Then, on 2 January, we drove all the ambulances, all the trucks, the jeeps, the vans, that had travelled so far from London to the city's port. The Palestinians of the camp came out to cheer us on our way, roads were blocked as drivers stopped their cars and hung over bridges to wave us on.
And then came the port itself: if love, pride and sheer passion alone could free Palestine, then it would've been freed that day. Hundreds upon hundreds of Palestinian refugees crammed into that space by the sea, surrounding our vehicles as they drove in, clambering up cranes and any other structures they could find, shouting, cheering, waving Palestinian flags, a band playing and the huge doors of the ship open and the ramp down, as vehicle after vehicle inched its way in, ready for the journey to Egypt. It was awesome, it was incredible, it was inspiring; it was the face of the struggle that the Western media will never report.
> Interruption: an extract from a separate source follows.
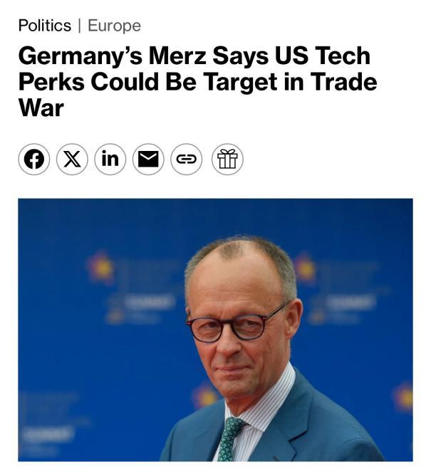 德國總理默茨:“目前,美國科技公司在歐盟受到‘大力保護(hù)’,包括在稅收方面,而這種情況可以改變。我并不想讓對抗升級,而是希望共同解決這個問題。在歐盟看來,貿(mào)易戰(zhàn)沒有贏家。(可是)在美國看來,關(guān)稅能夠單方面保護(hù)美國經(jīng)濟(jì),也是一種‘零和游戲’,即當(dāng)歐盟經(jīng)濟(jì)變得更糟糕時對美國有利。”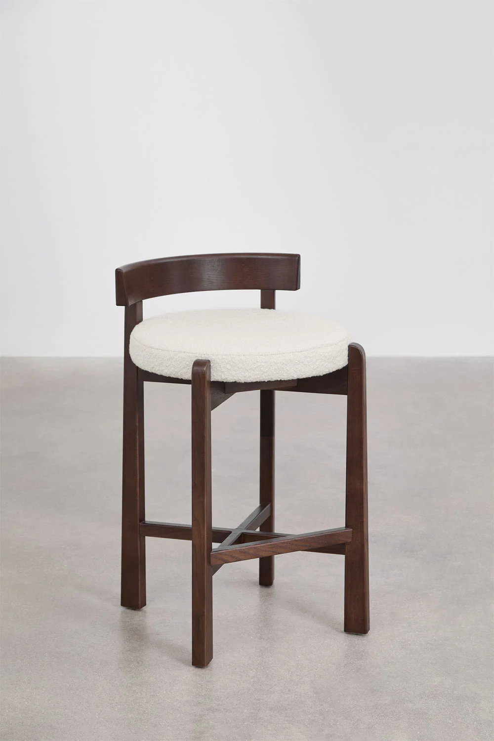 Minimalistinių formų pusbario kėdė „Calmera” sukurta taip, kad harmoningai papildytų aukštus stalus, barus ar virtuvės salas, suteikdamas erdvei lengvos prabangos pojūtį.

A handful of volunteers travelled with the vehicles and the aid, enduring 20 hours at sea with no seats or beds, and trailed for the entire journey by a fleet of Israeli warships despite never entering Israeli waters. However, our fears that the IDF might illegally board the ship, kidnap its passengers and seize the aid didn't materialise and it docked safely the next day in Al Arish, with all its cargo being cleared by Egyptian customs.
The rest of us were to fly to Al Arish in a chartered plane, but, as it took off from Lattakia, a loud bang exploded from an engine and we saw sparks flying. Two more huge bangs followed mid-air, and we were diverted to Damascus on a single engine.
And so, with people still sick and vomiting, we spent the night in Damascus airport, sprawled out on chairs and in sleeping bags on the hard floor, waiting for a new plane to arrive from Athens, which it finally did ten hours later.
A four hour flight to Al Arish, hours spent at that airport as Egyptian customs officials refused to issue us with entry visas, protests and bargaining, and then finally we were through and reunited at the port with our aid-filled vehicles and the volunteers who had sailed with them.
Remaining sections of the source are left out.